An a posteriori error analysis for a coupled continuum pipe-flow/Darcy model in Karst aquifers: anisotropic and isotropic discretizations

TL;DR

This paper develops an a posteriori error analysis for a coupled pipe-flow/Darcy model in karst aquifers, accommodating anisotropic and isotropic finite element discretizations, with bounds that are robust to mesh anisotropy.

Contribution

It provides the first unified error bounds for anisotropic finite element discretizations of coupled flow models in karst aquifers, including both conforming and nonconforming elements.

Findings

Lower error bounds are uniform regardless of mesh anisotropy.

Upper error bounds depend on mesh alignment with anisotropy.

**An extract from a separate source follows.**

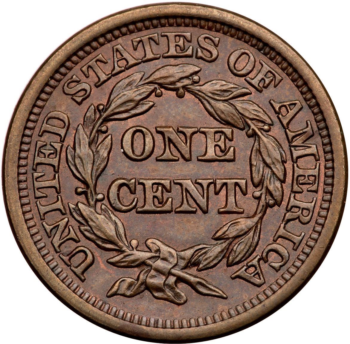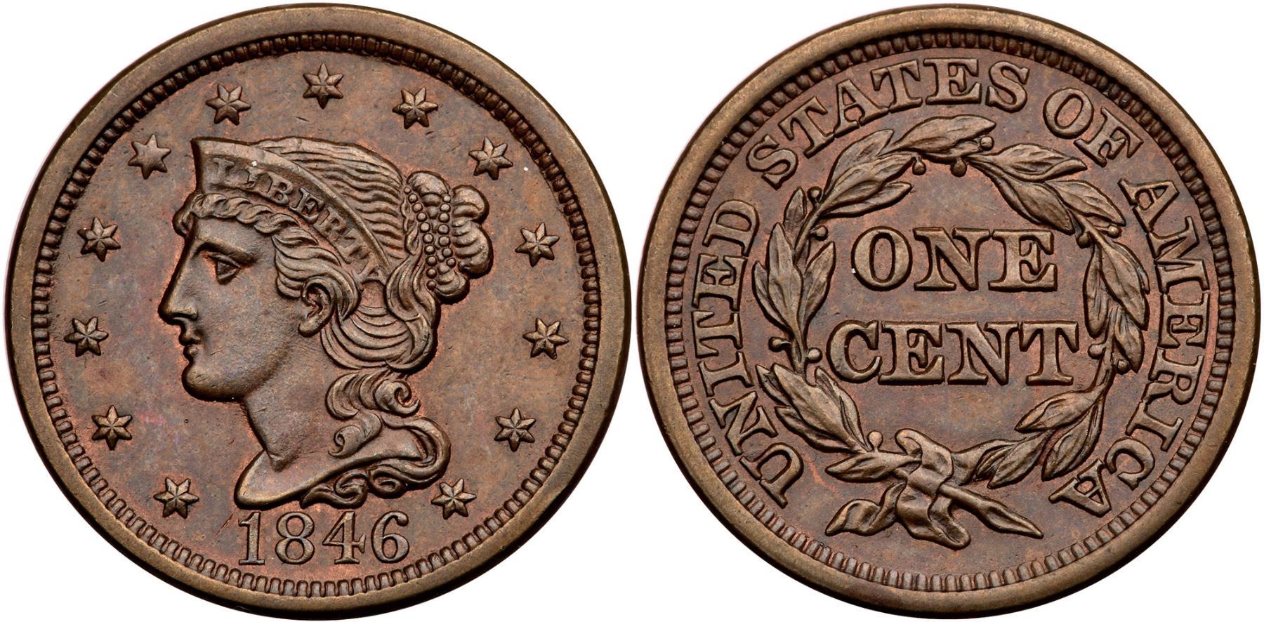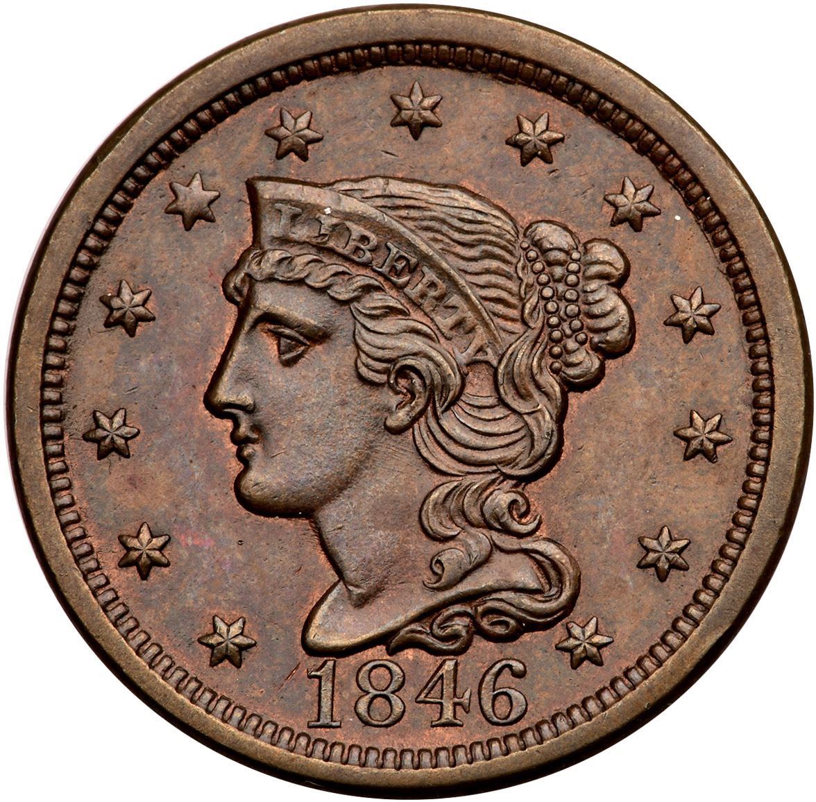 1846 N-12 R-1 Tall Date MS62Glossy bluish steel brown with traces of mint red in the protected areas. The notable marks are a small, thin flaw in the planchet left of the one, as struck, a tiny tick over I in LIBERTY, and a trivial rim bruise right of star 13. Rare EDS, die state a. Great eye appeal for the grade. Tied for CC#7 in the Grellman census.Certificate Number: Pedigree: Ex; M&G Auctions 10/1993:219 - R.S. Brown Jr M&G Auctions/Superior 6/2/2002:289 - Dan Holmes Collection Goldbergs 1/2011:145 - Buck Burgess

Results simplify for isotropic meshes, providing unconditional bounds.

Abstract

This paper presents an a posteriori error analysis for a coupled continuum pipe-flow/Darcy model in karst aquifers. We consider a unified anisotropic finite element discretization (i.e. elements with very large aspect ratio). Our analysis covers two-dimensional domains, conforming and nonconforming discretizations as well as different elements. Many examples of finite elements that are covered by analysis are presented. From the finite element solution, the error estimators are constructed and based on the residual of model equations. Lower and upper error bounds form the main result with minimal assumptions on the elements. The lower error bound is uniform with respect to the mesh anisotropy in the entire domain. The upper error bound depends on a proper alignment of the anisotropy of the mesh which is a common feature of anisotropic error estimation. In the special case of isotropic meshes, the results simplify, and upper and lower error bounds hold unconditionally.